Laotian art includes ceramics, Lao Buddhist sculpture, and Lao music.

Lao Buddhist sculptures were created in a large variety of material including gold, silver, and, most often, bronze. Brick-and-mortar was also a medium used for colossal images, most famous of these is the image of Phya Vat (16th century) in Vientiane, although a renovation completely altered the appearance of the sculpture, and it no longer resembles a Lao Buddha. Wood is popular for small, votive Buddhist images that are often left in caves. Wood is also very common for large, life-size standing images of the Buddha. The most famous two sculptures carved in semi-precious stone are the Phra Keo (The Emerald Buddha) and the Phra Phuttha Butsavarat. The Phra Keo, which is probably of Xieng Sen (Chiang Saen) origin, is carved from a solid block of jade. It rested in Vientiane for two hundred years before the Siamese carried it away as booty in the late 18th century. Today it serves as the palladium of the Kingdom of Thailand, and resides at the Grand Palace in Bangkok. The Phra Phuttha Butsavarat, like the Phra Keo, is also enshrined in its own chapel at the Grand Palace in Bangkok. Before the Siamese seized it in the early 19th century, this crystal image was the palladium of the Lao kingdom of Champassack.

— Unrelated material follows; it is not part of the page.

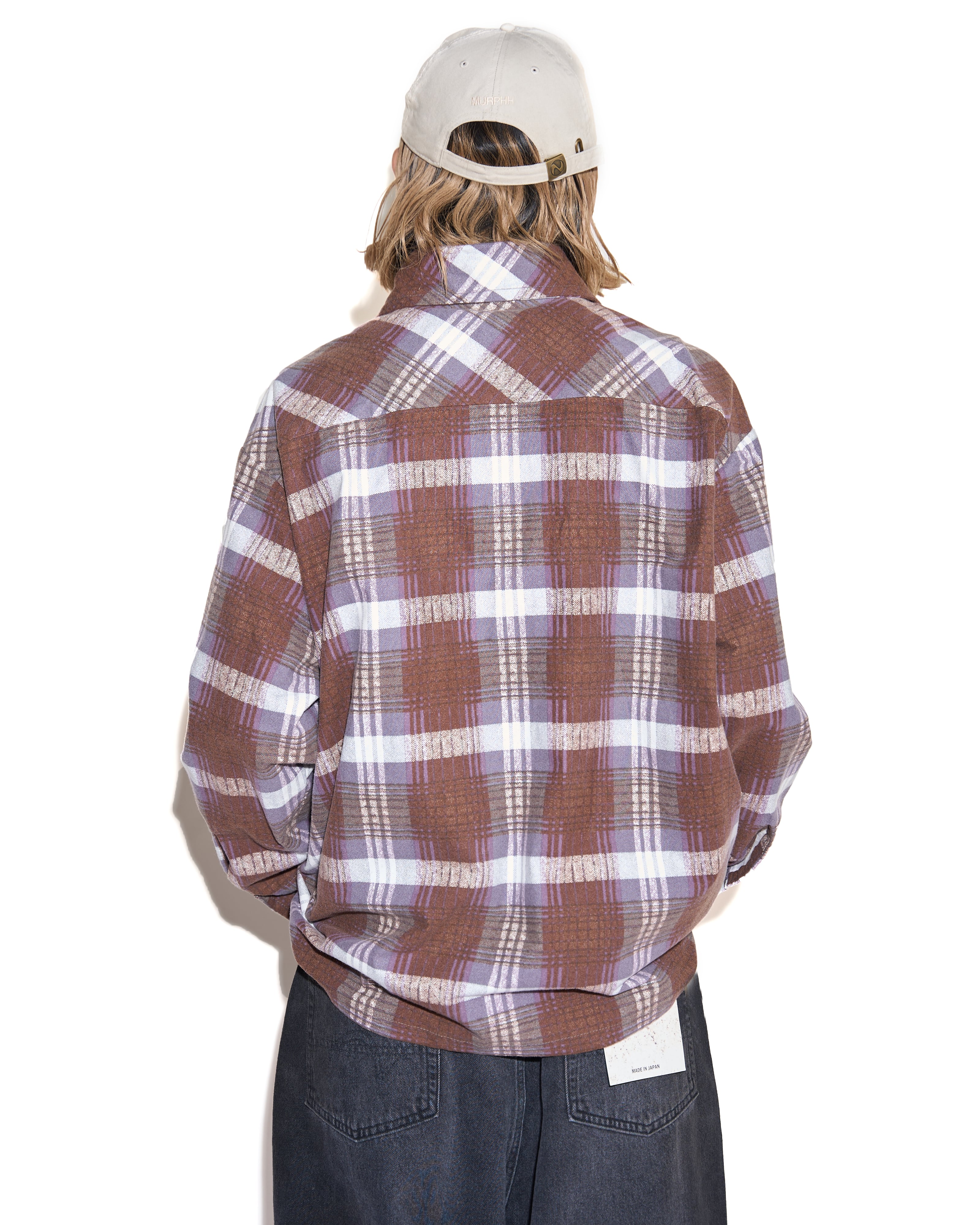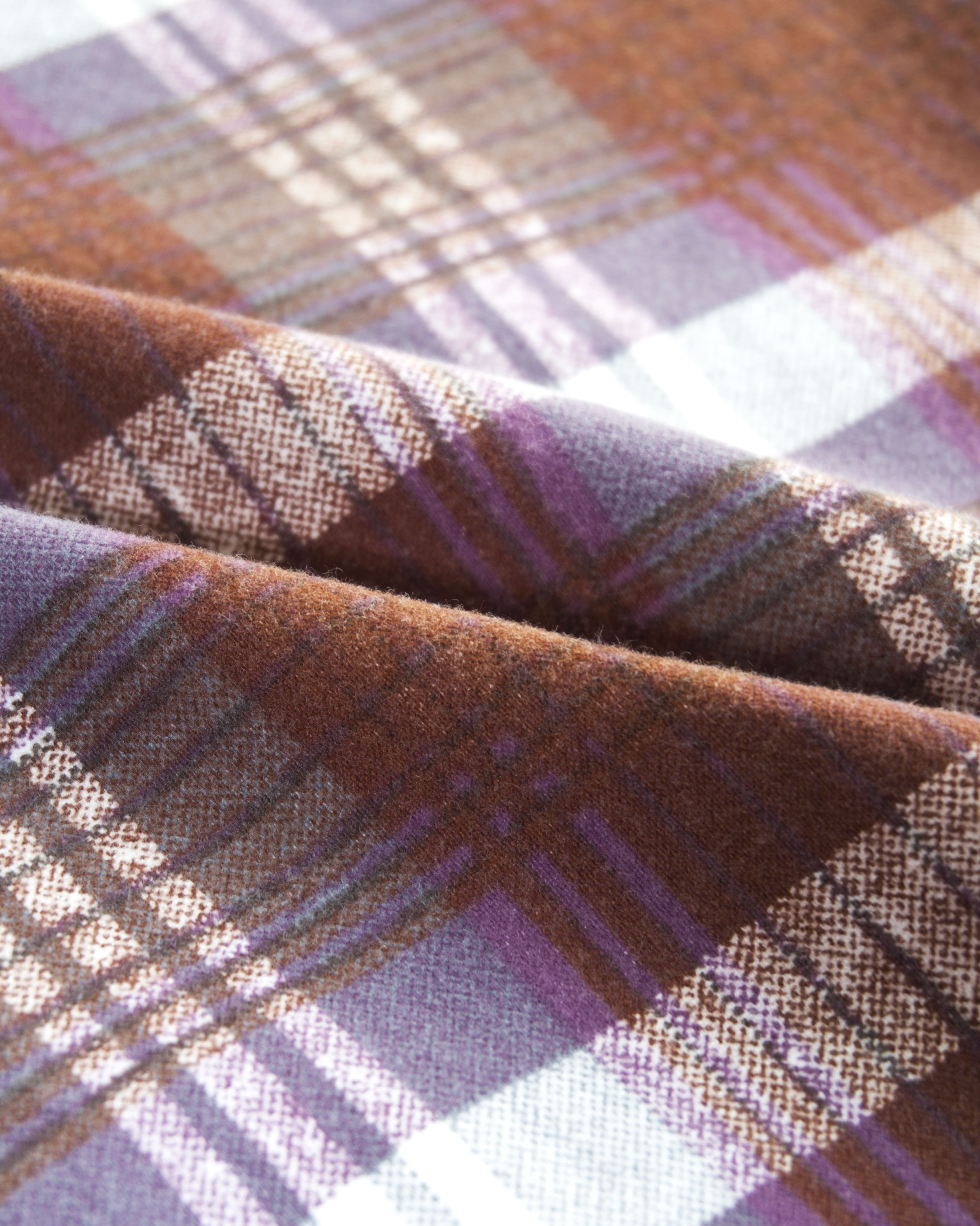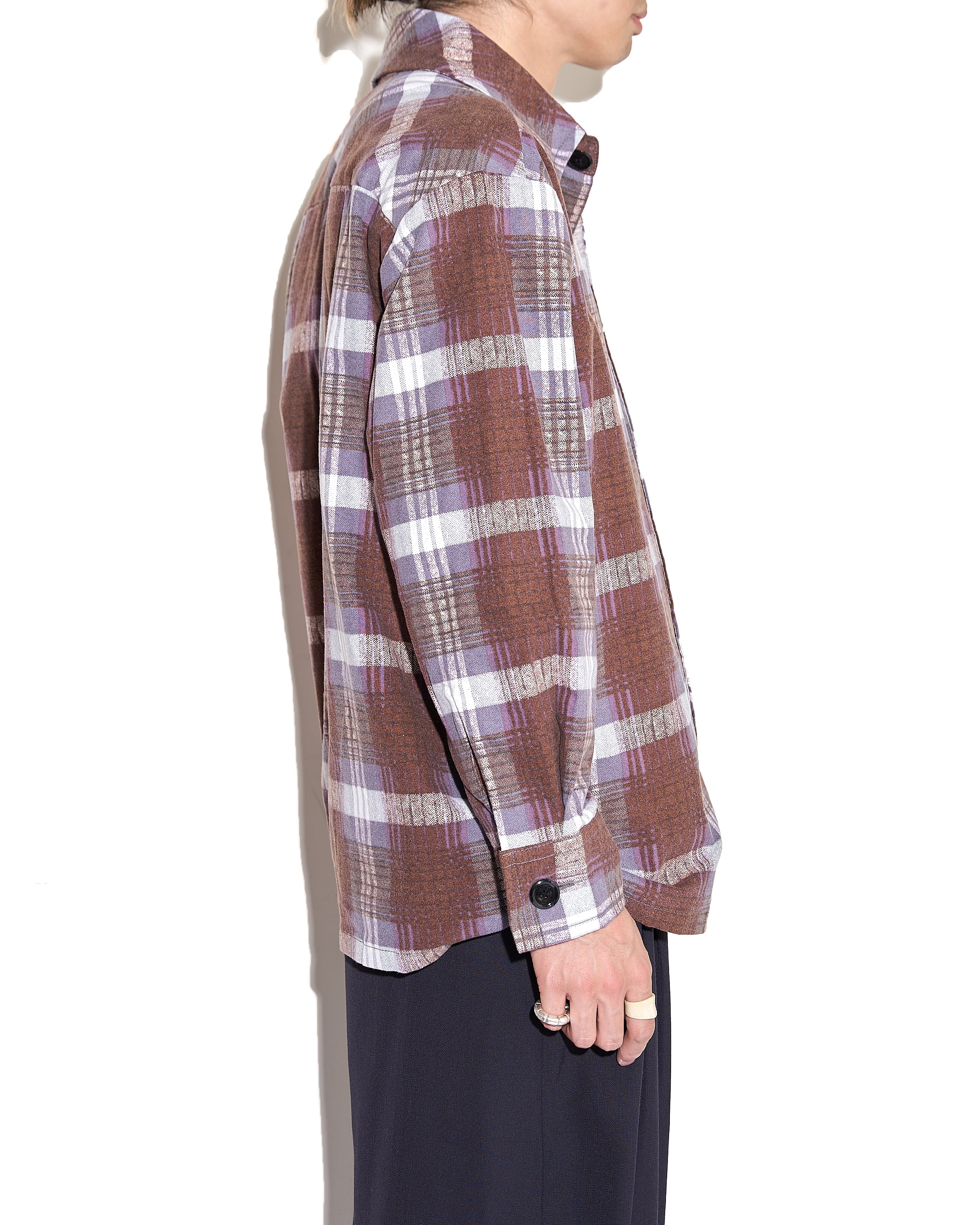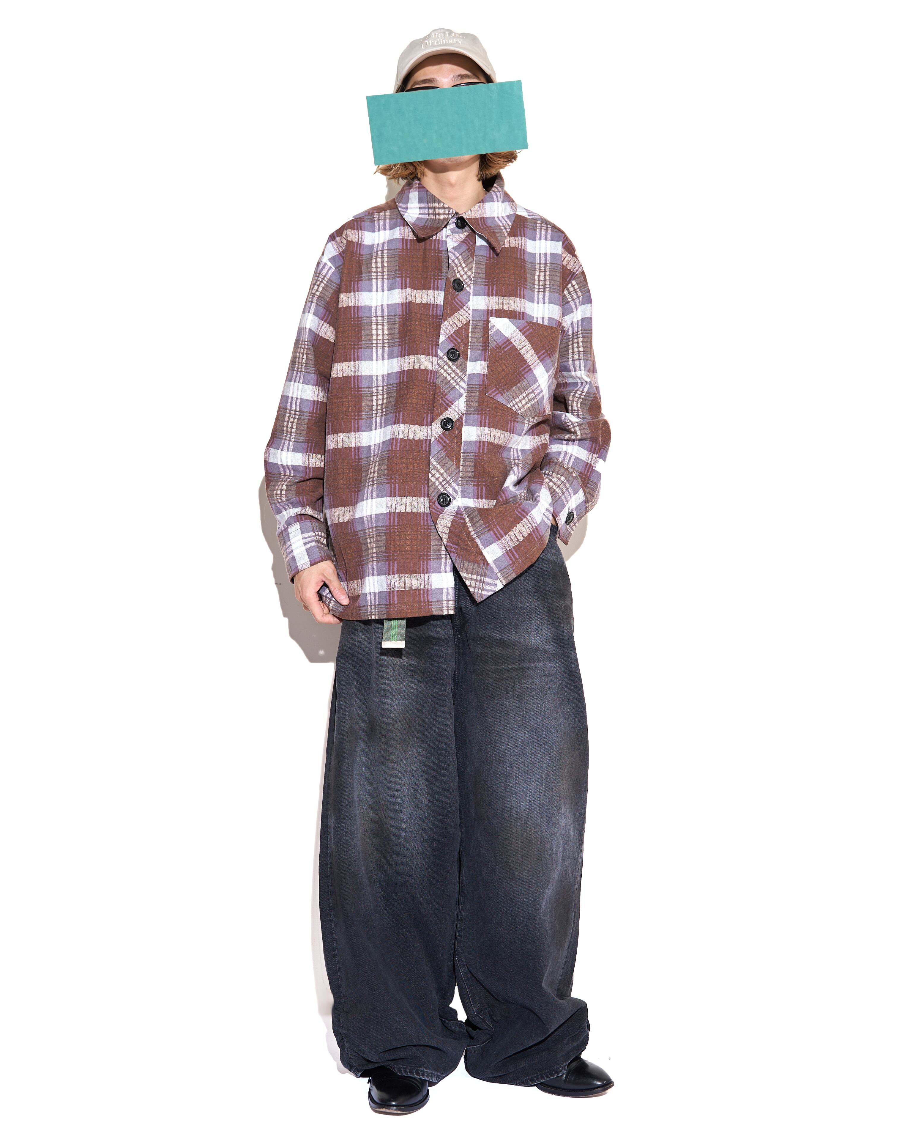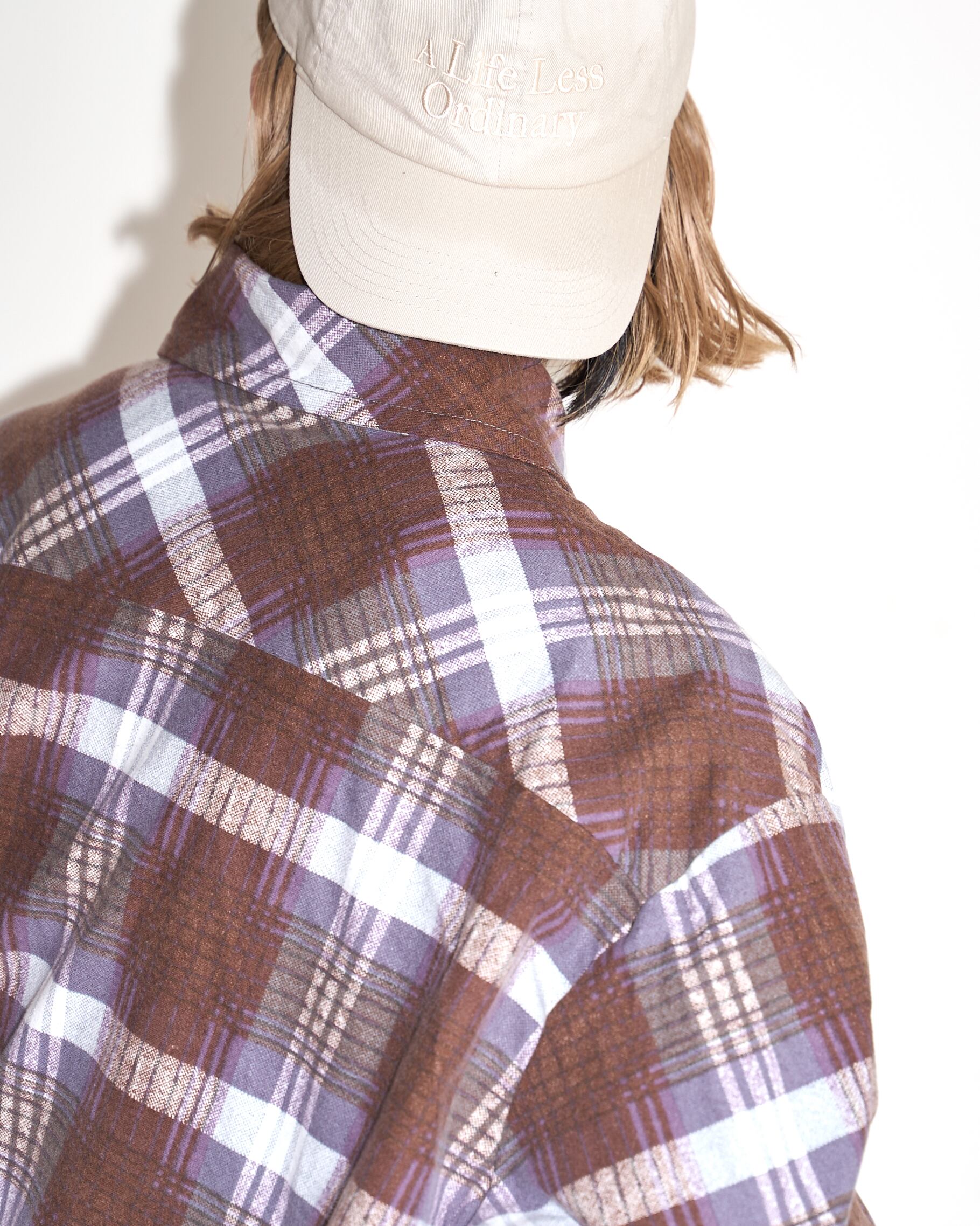 子供服らしい大きめで少ないボタン、やや大きめの襟など、どことなく違和感の感じられるデザインですが、主張が強すぎずオーセンティックにお使いいただけます。厚みのありそうな生地ですが、オーバーサイズのため夏〜秋の羽織としても最適。ブラウンにパープルなど絶妙な配色もありそうでなかった1着。

Many Lao Buddhist sculptures are carved right into the Pak Ou caves. The Tham Ting (lower cave) and the Tham Theung (upper cave) are located on Pak Ou (mouth of the Ou river) near Luang Prabang, Laos. They are a group of caves only accessible by boat, about two hours upstream from the center of Luang Prabang, and have recently become more well-known and frequented by tourists. The caves are noted for their Buddhist and Lao style sculptures carved into the cave walls, and hundreds of discarded Buddhist figures laid out over the floors and wall shelves. These discarded statues were left by their owners who did not wish to destroy them.

=== Malaysian art ===

Malaysian art is primarily composed of Malay art and Bornean art, holding similarities with the other styles from Southeast Asia, such that of Brunei, Indonesia, and Singapore. The history of art in Malaysia dates back to the Malay sultanates, with influences from Chinese, Indian and Islamic arts.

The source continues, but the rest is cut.